Monday, July 13, 2009

Nation & World

The Battle For Baghdad

For U.S. Troops, this may be the last chance to head off a full-blown civil war. There's a plan, but will it work?

By Linda Robinson
Posted 8/27/06

BAGHDAD-With the number of violent deaths in Baghdad hovering around 2,000 a month, the U.S. and Iraqi security forces have launched a new effort to pacify the capital. But-as with everything else in Iraq-there are no guarantees that it will be any more successful than the previous attempt, which even senior U.S. commanders here concede was woefully ineffective. That initiative, by the newly formed government of Prime Minister Nouri al-Maliki, failed utterly in its attempt to secure the city from the Sunni insurgents and Shiite militias who are conducting much of the killing, kidnapping, and

torture of their fellow Iraqis. Some 4,000 U.S. troops, and an even larger number of Iraqi soldiers, have been sent to the capital as reinforcements for the new effort. Among both Iraqi and American officials, there is a growing consensus that the entire war effort hangs in the balance.

The war has reached this grim crossroads, many here believe, because the mounting centrifugal forces and the failure to achieve the basic requirements of peace are threatening to doom the Maliki government, or at least render it irrelevant. If the level of violence can't be significantly reduced in the coming months, the strained patience of Americans may also reach the breaking point, a growing number of politicians and military officers say. John Warner, the Virginia Republican and longtime chairman of the Senate Armed Services Committee, recently warned that if Iraq plunges into all-out civil war, Congress will have to reconsider its 2002 authorization for the use of troops here. In a letter to President Bush, longtime House Armed Services ranking member Ike Skelton of Missouri compared the battle for Baghdad to Midway in World War II as the "decisive battle" at a "critical and dire phase" of the war.

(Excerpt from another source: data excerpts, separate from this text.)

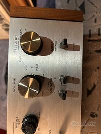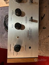 Vendo come da titolo amplificatore Pioneer perfettamente funzionante puliti potenziometri e selettori mancano coperchietti nelle tre manopole ma sono state pulite perfettamente e non vi sono segni di colla o graffi. Ci sono anche gli adattatori per cavi diffusori difficilmente reperibili.
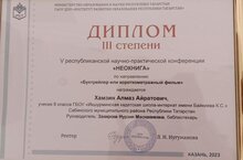 Поздравляем Хамзина Алмаза , призера Республиканской научно- практической конференции "Неокнига". Рук.:Закирова Н М.
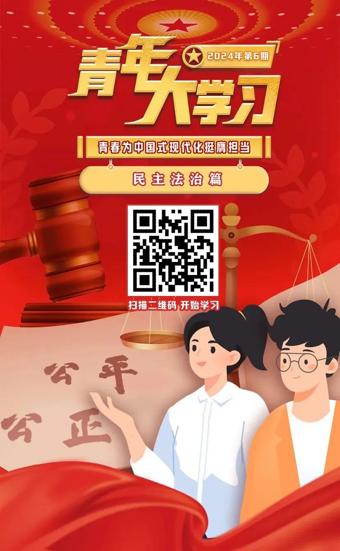 “青年大学习”课程上新了!本周,我们一起来学习2024年第6期,本周“青年大学习”主题为:“青春为中国式现代化挺膺担当(民主法治篇)”。请大家积极动员本本系统、本学院各班级青年参与学习。我们将持续加强对“青年大学习”工作的督导力度。
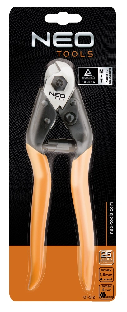 Ножиці для різання сталевого дроту і троса 1000 В NEO, розмір 190 мм. Загартовані губки ріжуть сталевий дріт з максимальним діаметром 1.5 мм, а також сталевий трос з максимальним діаметром до 4.0 мм. Високосортна хромованадієва сталь гарантує довголітню міцність губок. Ергономічні рукоятки з ПВХ-покриттям підвищують комфорт експлуатації. Якість інструменту підтверджено сертифікатом TÜV і 25-річною гарантією виробника. Бренд NEO виправдовує очікування професіоналів.
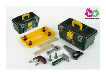 Все как у папы! В большом фирменном ящике BOSCH - набор инструментов из пластмассы. В наборе: молоток, ручная пила, гаечный ключ, шуруповерт со звуковым и световым эффектами и механизмом вращения (для работы необходимы батарейки), детали, кот. можно свинтить с помощью винтов и гаек, так же входящих в набор. None

The danger of the strategy contemplated in the new security effort, however, is that much of the energy of the Iraqi and American forces will be poured into one more series of house-to-house sweeps, as thousands of soldiers fan out in cordon-and-search operations, knocking on doors and confiscating weapons and ammunition. Such tactics, U.S. commanders said in a series of in-depth interviews over the past few weeks, address only the symptoms of the current conflict, not its causes, while they risk further alienating the very civilians whose allegiance the fledgling government desperately needs.

Maj. Gen. William Caldwell, spokesman for the U.S. four-star command, the Multi-National Forces-Iraq, says the new strategy must be seen in its proper context. "The Baghdad Security Plan is a complete package," he emphasized. "We've always said that the military cannot win the peace around this country. All it can do is set the conditions to allow the political process to work so that it can establish peace." There are two economic components to the new plan, Caldwell says. Short-term relief programs will be funded by the United States, after which the government of Iraq is supposed to step up with $200 million in infrastructure-development and jobs projects. Whether that will happen, however, is anyone's guess. Another senior general points out, acerbically, that previous campaigns in Fallujah and Tal Afar failed to provide sustained aid. The man in charge of daily military operations in Iraq, Lt. Gen. Peter Chiarelli, says failure now is not an option. "If we don't follow up with a build phase," he told U.S. News, "then I don't think Baghdad can be secure."